New Economics Papers
on Neuroeconomics
Issue of 2014‒05‒17
four papers chosen by

  1. Economic Behavior under Alcohol Influence: An Experiment on Time, Risk, and Social Preferences By L. Corazzini; A. Filippin; P. Vanin
  2. Wealth gradients in early childhood cognitive development in five Latin American countries By Norbert Schady; Jere Behrman; Maria Caridad Araujo; Raquel Bernal
  3. Fairness is Intuitive By Alexander W. Cappelen; Ulrik H. Nielsen; Bertil Tungodden; Jean-Robert Tyran; Erik Wengström
  4. The Effects of Personality Traits and Behavioral Characteristics on Schooling, Earnings, and Career Promotion By LEE SunYoun; OHTAKE Fumio

  1. By: L. Corazzini; A. Filippin; P. Vanin
    Abstract: We report results from an incentivized laboratory experiment to provide controlled evidence on the causal effects of alcohol consumption on risk preferences, time perception and altruism. Our design allows disentangling the pharmacological effects of alcohol intoxication from those mediated by expectations, as we compare behaviors of three groups of subjects: those participating to an experiment with no reference to alcohol, those exposed to the possibility of consuming alcohol but assigned to a placebo and those having effectively consumed alcohol. Once randomly assigned to one treatment, subjects were administered a series of consecutive economic tasks, being the sequence kept constant across treatments. After controlling for both the willingness to pay and the potential misperception of probabilities as elicited in the experiment, we do not detect any effect of alcohol in depleting subjects’ risk tolerance. On the contrary, we find that alcohol intoxication increases impatience. Moreover, we find that alcohol makes subjects less generous as we detect a negative relationship between the blood alcohol concentration and the amount of money donated to NGOs.
    JEL: D03 I10 C91
    Date: 2014–05
  2. By: Norbert Schady; Jere Behrman; Maria Caridad Araujo; Raquel Bernal
    Abstract: Abstract Research from the United States shows that gaps in early cognitive and non-cognitive ability appear early in the life cycle. Little is known about this important question for developing countries. This paper provides new evidence of sharp differences in cognitive development by socioeconomic status in early childhood for five Latin American countries. To help with comparability, we use the same measure of receptive language ability for all five countries. We find important differences in development in early childhood across countries, and steep socioeconomic gradients within every country. For the three countries where we can follow children over time, there are few substantive changes in scores once children enter school. Our results are robust to different ways of defining socioeconomic status, to different ways of standardizing outcomes, and to selective non-response on our measure of cognitive development
    Keywords: early childhood, socioeconomic gaps, Latin-American
    JEL: J13 I38
    Date: 2014–04–24
  3. By: Alexander W. Cappelen (Department of Economics, Copenhagen University); Ulrik H. Nielsen (Department of Economics, Copenhagen University); Bertil Tungodden (Norwegian School of Economics); Jean-Robert Tyran (Department of Economics, Copenhagen University); Erik Wengström (Department of Economics, Copenhagen University)

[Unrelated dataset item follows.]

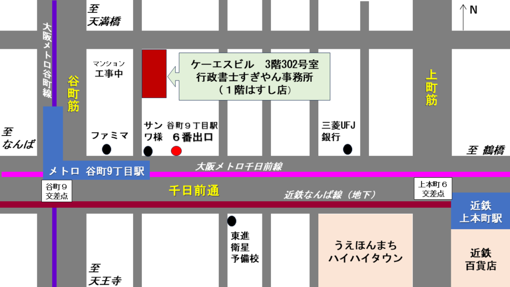 近鉄・大阪上本町駅と地下鉄・谷町9丁目駅を結ぶ地下通路の6番出口から地上に出て頂くとわかりやすいです。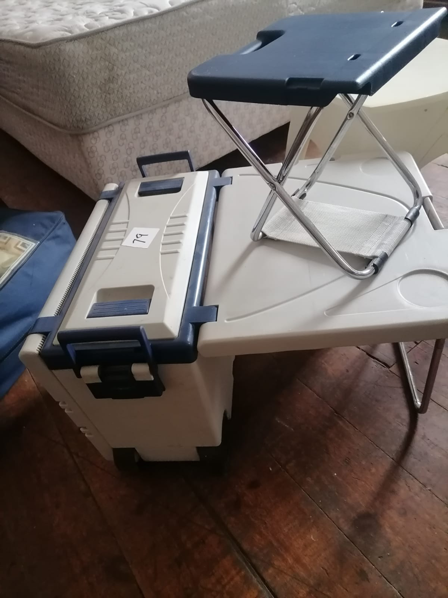 Koelerboks met opvoutafel en stoeltjies werkende kondisie

    Abstract: In this paper we provide new evidence showing that fair behavior is intuitive to most people. We find a strong association between a short response time and fair behavior in the dictator game. This association is robust to controls that take account of the fact that response time might be affected by the decision-maker's cognitive ability and swiftness. The experiment was conducted with a large and heterogeneous sample recruited from the general population in Denmark. We find a striking similarity in the association between response time and fair behavior across groups in the society, which suggests that the predisposition to act fairly is a general human trait.
    Keywords: Response Time, Dictator Game, Experiment, Fairness
    JEL: C90 D03 D60
    Date: 2014–04–02
  4. By: LEE SunYoun; OHTAKE Fumio
    Abstract: By analyzing the Japanese and U.S. survey data, this study investigates whether non-cognitive skills, as measured by Big 5 personality traits and behavioral characteristics indicated by risk aversion rate, time discount rate, and (over) confidence, explain the variation in educational and labor market outcomes. The obtained results indicate that non-cognitive skills, as well as behavioral characteristics, account for a significant portion in explaining the variation in schooling, wages, and career promotion. Some interesting country differences, particularly in educational attainment, are found in agreeableness and consciousness, which may suggest the existence of country-specific, non-cognitive determinants of educational success. With respect to labor market outcomes, in both Japan and the United States, conscientiousness seems to contribute to male earnings, whereas extraversion and emotional stability are more important predictors of female earnings. For career promotion, extraversion is an important determinant for the probability of being promoted to a management position among males in both countries. The overall findings suggest that personality traits are associated with educational and career success to different degrees between countries and genders.